§ RECORDED DATA:

• • • • • • •

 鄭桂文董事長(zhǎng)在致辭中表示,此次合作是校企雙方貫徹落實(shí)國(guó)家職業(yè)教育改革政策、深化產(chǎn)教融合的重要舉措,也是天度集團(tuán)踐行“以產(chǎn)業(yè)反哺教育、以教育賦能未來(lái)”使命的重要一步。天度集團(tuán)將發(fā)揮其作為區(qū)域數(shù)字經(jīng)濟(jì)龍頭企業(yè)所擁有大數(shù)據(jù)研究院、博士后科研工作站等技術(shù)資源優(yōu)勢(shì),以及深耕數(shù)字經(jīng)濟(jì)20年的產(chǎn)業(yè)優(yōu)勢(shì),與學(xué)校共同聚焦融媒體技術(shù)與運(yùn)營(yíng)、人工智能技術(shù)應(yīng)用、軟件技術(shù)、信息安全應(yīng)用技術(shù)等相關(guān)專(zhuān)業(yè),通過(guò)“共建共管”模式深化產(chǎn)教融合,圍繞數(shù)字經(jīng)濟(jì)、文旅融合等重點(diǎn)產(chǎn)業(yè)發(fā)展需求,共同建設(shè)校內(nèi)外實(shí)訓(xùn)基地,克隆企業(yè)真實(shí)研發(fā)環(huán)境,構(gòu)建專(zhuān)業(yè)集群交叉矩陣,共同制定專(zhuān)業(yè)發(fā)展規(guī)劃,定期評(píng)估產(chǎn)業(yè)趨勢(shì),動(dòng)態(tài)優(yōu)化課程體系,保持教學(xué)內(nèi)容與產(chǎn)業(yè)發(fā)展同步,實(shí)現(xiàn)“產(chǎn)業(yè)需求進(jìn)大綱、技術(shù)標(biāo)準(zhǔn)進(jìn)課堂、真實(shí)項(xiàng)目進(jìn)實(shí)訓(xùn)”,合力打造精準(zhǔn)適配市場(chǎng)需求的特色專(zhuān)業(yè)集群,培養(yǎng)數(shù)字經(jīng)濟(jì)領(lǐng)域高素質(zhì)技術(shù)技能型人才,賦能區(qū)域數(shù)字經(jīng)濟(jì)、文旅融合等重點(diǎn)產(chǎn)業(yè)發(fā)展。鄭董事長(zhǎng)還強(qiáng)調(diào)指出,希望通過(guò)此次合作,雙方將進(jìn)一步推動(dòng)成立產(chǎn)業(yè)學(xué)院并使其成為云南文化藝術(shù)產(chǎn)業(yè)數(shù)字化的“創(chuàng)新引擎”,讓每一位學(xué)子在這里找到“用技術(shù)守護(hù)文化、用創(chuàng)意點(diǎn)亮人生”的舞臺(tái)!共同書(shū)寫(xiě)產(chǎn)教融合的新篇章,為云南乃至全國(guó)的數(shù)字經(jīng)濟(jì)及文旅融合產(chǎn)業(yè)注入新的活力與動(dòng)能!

• • • • • • •

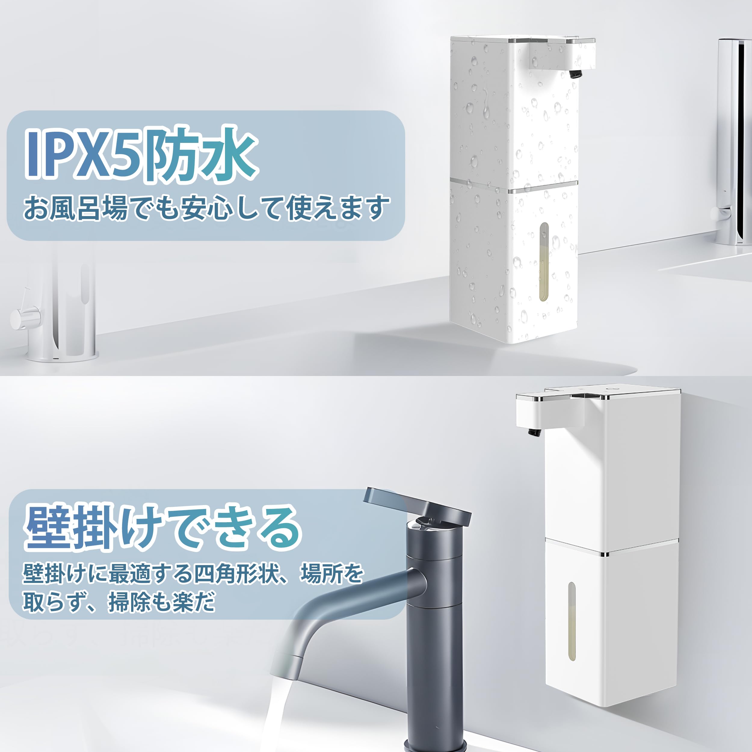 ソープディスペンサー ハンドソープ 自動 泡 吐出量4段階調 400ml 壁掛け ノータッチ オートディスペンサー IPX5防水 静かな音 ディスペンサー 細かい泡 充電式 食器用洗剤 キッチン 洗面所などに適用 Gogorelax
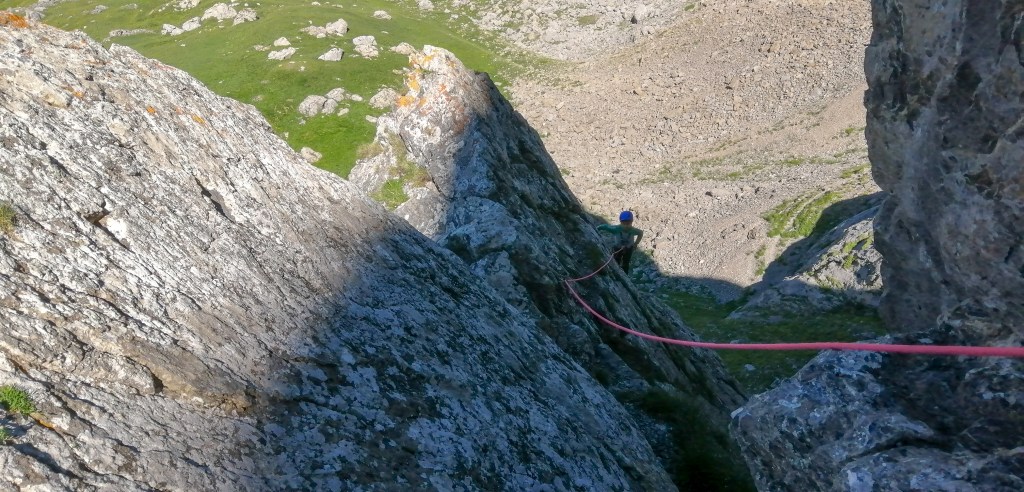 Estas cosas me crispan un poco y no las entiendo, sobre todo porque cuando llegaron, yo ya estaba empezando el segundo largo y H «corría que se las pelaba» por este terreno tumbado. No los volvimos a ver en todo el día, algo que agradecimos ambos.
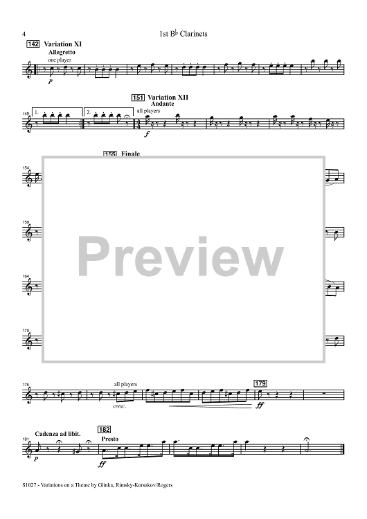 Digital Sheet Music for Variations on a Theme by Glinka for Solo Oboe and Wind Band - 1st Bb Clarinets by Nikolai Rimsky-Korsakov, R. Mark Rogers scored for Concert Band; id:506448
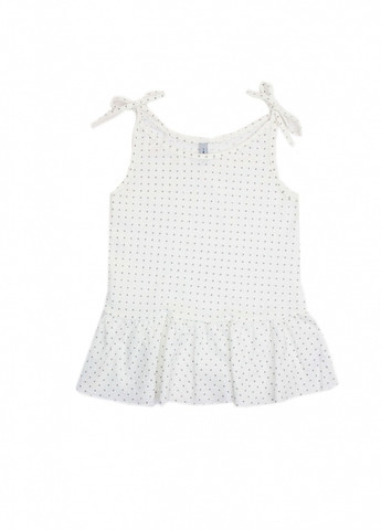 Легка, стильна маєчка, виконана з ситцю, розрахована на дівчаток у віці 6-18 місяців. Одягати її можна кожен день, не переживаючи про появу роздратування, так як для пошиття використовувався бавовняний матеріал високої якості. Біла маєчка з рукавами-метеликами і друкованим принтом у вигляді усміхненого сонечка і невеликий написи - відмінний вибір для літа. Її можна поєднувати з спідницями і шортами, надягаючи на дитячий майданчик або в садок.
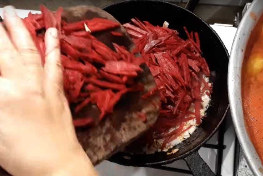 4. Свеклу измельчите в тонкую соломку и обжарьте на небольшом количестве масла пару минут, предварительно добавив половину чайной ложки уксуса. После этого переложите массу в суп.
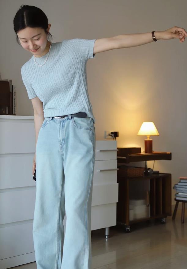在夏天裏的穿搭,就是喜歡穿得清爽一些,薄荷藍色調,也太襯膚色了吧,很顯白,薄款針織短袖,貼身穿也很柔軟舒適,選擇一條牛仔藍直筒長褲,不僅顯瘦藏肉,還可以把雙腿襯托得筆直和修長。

• • • • • • •

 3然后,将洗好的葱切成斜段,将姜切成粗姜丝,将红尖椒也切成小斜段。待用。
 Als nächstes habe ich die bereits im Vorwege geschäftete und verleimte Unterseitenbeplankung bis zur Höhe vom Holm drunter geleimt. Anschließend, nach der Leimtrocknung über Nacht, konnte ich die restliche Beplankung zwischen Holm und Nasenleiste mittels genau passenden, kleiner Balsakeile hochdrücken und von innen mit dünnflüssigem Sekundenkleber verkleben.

• • • • • • •

§ ASSIGNMENT: Would you copy out exactly the lines above that start at the one containing "3然后,将洗好的葱切成斜段,将姜切成粗姜丝,将红尖椒也切成小斜段。待用。" and end at the one containing "Als nächstes habe", inclusive?

§ RESULT:
 3然后,将洗好的葱切成斜段,将姜切成粗姜丝,将红尖椒也切成小斜段。待用。
 Als nächstes habe ich die bereits im Vorwege geschäftete und verleimte Unterseitenbeplankung bis zur Höhe vom Holm drunter geleimt. Anschließend, nach der Leimtrocknung über Nacht, konnte ich die restliche Beplankung zwischen Holm und Nasenleiste mittels genau passenden, kleiner Balsakeile hochdrücken und von innen mit dünnflüssigem Sekundenkleber verkleben.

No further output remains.